Investment income decreased by 44% to ₦0.05bn {2019: ₦0.09bn} as we focused our resources on investing in the new Salt refinery plant to optimize the refined salt capacity. Finance costs for the year was ₦0.17bn {2019: ₦0.22bn} driven mainly by ₦0.11bn interest on borrowings related to specific borrowings for capital projects. The average effective interest rate during the year was 9%.

Tax expense for the year increased by 32% to ₦1.22bn {2019: ₦0.92bn}, including a deferred tax expense of ₦0.36bn {2019: ₦0.03bn}. The effective tax rate was 31% {2019: 33%}.
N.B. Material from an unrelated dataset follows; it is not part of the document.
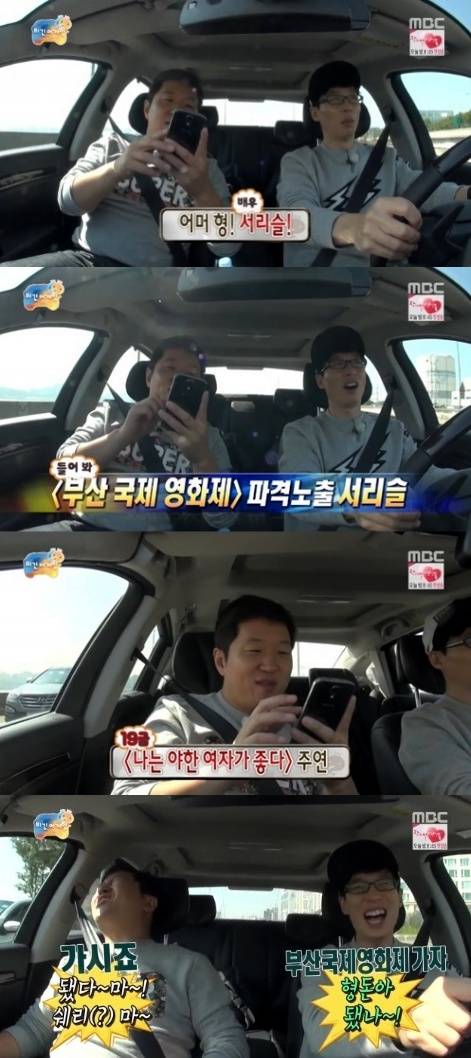 유재석 정형돈이 배우 서리슬에게 높은 관심을 보였다.지난 18일 방송된 MBC '무한도전' 400회 특집에서는 멤버들이 서로에 대해 더 알아가고 이해하기 위해 '24시간을 둘이서 함께 보내기'로 진행됐다.이날 둘만의 시간을 보내게 된 유재석과 정형돈은 24시간을 함께 보낼 여행 장소에 대해 이야기를 나누던 중 유재석이 부산행을 제안했다.이어 정형돈은 스마트폰으로 검색하더니 "부산국제영화제(BIFF)?"라고 운을 떼면서 "서리슬, 레드카펫 노출 주인공"이라고 밝혔다.이에 유재석은 "너 뭐하는 거냐"라고 정형돈을 타박했다. 하지만 정형돈이 "'나는 야한 여자가 좋다' 주연"이라고 외치자 유재석은 "형돈아 됐나? 쎄리 가자"라며 흥분된 목소리로 사심을 드러내 웃음을 자아냈다.한편, 서리슬이 출연한 영화 '나는 야한 여자가 좋다'(감독 신정균)는 20대 청춘 남녀의 뜨겁게 타오르는 격정적인 관계를 그린 파격로맨스로 지난 7월 개봉했다.[서리슬 레드카펫 파격노출, 사진=MBC '무한도전' 방송 캡처]

Total assets increased by 15% to ₦44.31bn {2019: ₦38.67bn}. This increase was driven predominantly by an increase in trade and other receivables, inventories and other assets. Cash and bank for the year decreased by 29% compared to the prior year to ₦2.60bn {2019: ₦3.66bn}.

Total liabilities increased by 15% to ₦31.59bn {2019: ₦27.58bn} primarily driven by an increase in trade and other payables and a decrease in borrowings.

Borrowings for the year decreased by ₦3.30bn relating to the repayment of specific borrowings for capital projects in 2019. Total equity increased year on year by 15% to ₦12.72bn {2019: ₦11.09bn}.

Proposed dividend

On Thursday 25th of February, 2021, the Directors proposed to maintain the dividend of ₦0.40 per share {2019: ₦0.40} to be paid to shareholders on Monday 31st of May, 2021.

The dividend represents a payout ratio of 39.2% {2019: 57.1%} reduced due to capital expenditure requirements in 2021. If approved, the total amount payable will be ₦1.06bn {2019: ₦1.06bn}.